Efficient energy and completion time for dependent task computation offloading algorithm in industry 4.0
Author(s) -
Rabab Farouk Abdel-Kader,
Noha Emad El-Sayad,
Rawya Rizk
Publication year - 2021
Publication title -
plos one
Language(s) - English
Resource type - Journals
SCImago Journal Rank - 0.99
H-Index - 332
ISSN - 1932-6203
DOI - 10.1371/journal.pone.0252756
Subject(s) - computer science , cloud computing , algorithm , energy consumption , efficient energy use , task (project management) , quality of service , computation offloading , firefly algorithm , distributed computing , real time computing , computer network , edge computing , particle swarm optimization , engineering , operating system , systems engineering , electrical engineering
Rapid technological development has revolutionized the industrial sector. Internet of Things (IoT) started to appear in many fields, such as health care and smart cities. A few years later, IoT was supported by industry, leading to what is called Industry 4.0. In this paper, a cloud-assisted fog-networking architecture is implemented in an IoT environment with a three-layer network.
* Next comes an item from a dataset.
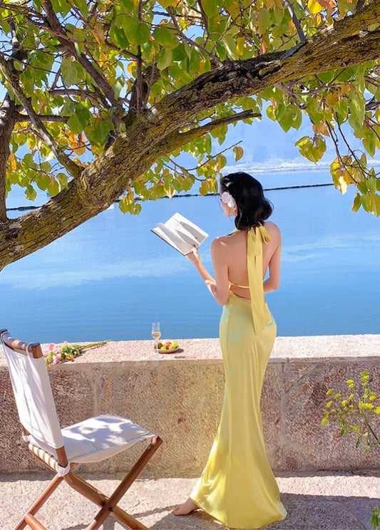 French Halter V-Neck Backless Maxi Dress Elegant Beach Vacation Sundress

An efficient energy and completion time for dependent task computation offloading (ET-DTCO) algorithm is proposed, and it considers two quality-of-service (QoS) parameters: efficient energy and completion time offloading for dependent tasks in Industry 4.0. The proposed solution employs the Firefly algorithm to optimize the process of the selection-offloading computing mode and determine the optimal solution for performing tasks locally or offloaded to a fog or cloud considering the task dependency. Moreover, the proposed algorithm is compared with existing techniques. Simulation results proved that the proposed ET-DTCO algorithm outperforms other offloading algorithms in minimizing energy consumption and completion time while enhancing the overall efficiency of the system.